Иногда нам встречались "влюблённые", в сущности - самцы и самки со счастливыми лицами, прикрывающие предрасположенностью к чувственности и неведомой им любовью (в высоком, бесконечно высоком, смысле) обоюдное острое и безоговорочное желание каждого их них переспать с другим для удовлетворения похоти. Вселенский обман - тугая маска условностей. Один единственный обман, на который попадается и обманывающий, и его жертва. Я говорю о тех, кто пошло отвергает пошлость в себе, кто верит во всеобщую любовь, в любовь всем доступную - наивность, чаще всего, тоже оказывается пошлой (наивности больше, чем можно предположить). Можно назвать это архетипами любви. В сущности, они играют в невозможную при других условиях игру, когда каждый из них играет нечестно и вынуждает так же нечестно играть другого. Я и Регги же совсем не играли в подобные игры, как и ни в какие вообще. В десятках этих влюблённых, за которых можно было принять и нас с Регги, я заметил моего двойника, чересчур двойника, в котором была вся моя крайность, вся крайность моего. Вся неопределённая сторона существования моих двойников была безразлична мне, но было важным его присутствие. Какой-то вывернутый, гротескный двойник. Он в пошлости обнимал свою неприлично малолетнюю любовницу, и в его пошлости я узнал себя, как в отвратительном портрете или злобной язвительной карикатуре узнают себя, как бы неверными они ни были. Мне показалось несправедливостью, что он, а не я, обладает счастьем, несправедливостью оправданной - пошлость - счастье. Когда думаешь, что прав, когда думаешь, что непревосходим, когда инстинкты заставляют не подавлять себя, тогда - пошлость, тогда - счастье. И вода осознания выточила во мне вот это: я не могу быть счастливым, потому что пошлость - не большее из того, что есть во мне, а если стану заведомо пошлым, то не буду делить постель со счастьем, потому, что счастье, способное устроить меня, неприемлимо для пошлых. Кто знает. Двойник растворился, как и положено двойникам, он растворился, освободив для меня заслоняемую им ночь.
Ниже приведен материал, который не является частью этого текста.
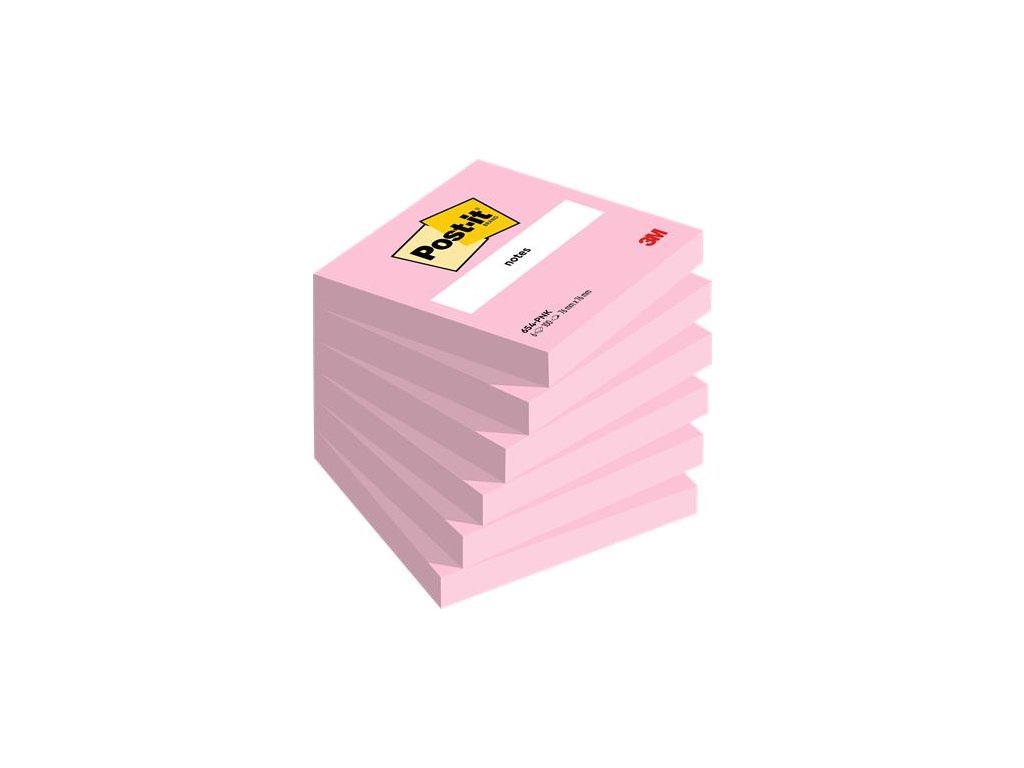 Samolepiaci blok, 76x76 mm, 6x100 listov, 3M POSTIT, ružová

Я хорошо запомнил бесчисленность вариантов блестящей ночной реки: Регги и я часто стояли на мостах, свесив головы, шепча друг другу оборачивающиеся нежности, а она в такие моменты держала меня за руку. Я знал подобные-подробные-пробные-дробные-скорбные ночи так, как не знал ничего больше. Может, ещё несколько минут, и всё пропадёт - дороги, мосты с рекой, беспорядачные витрины, небо пропадёт, я и Регги, наконец.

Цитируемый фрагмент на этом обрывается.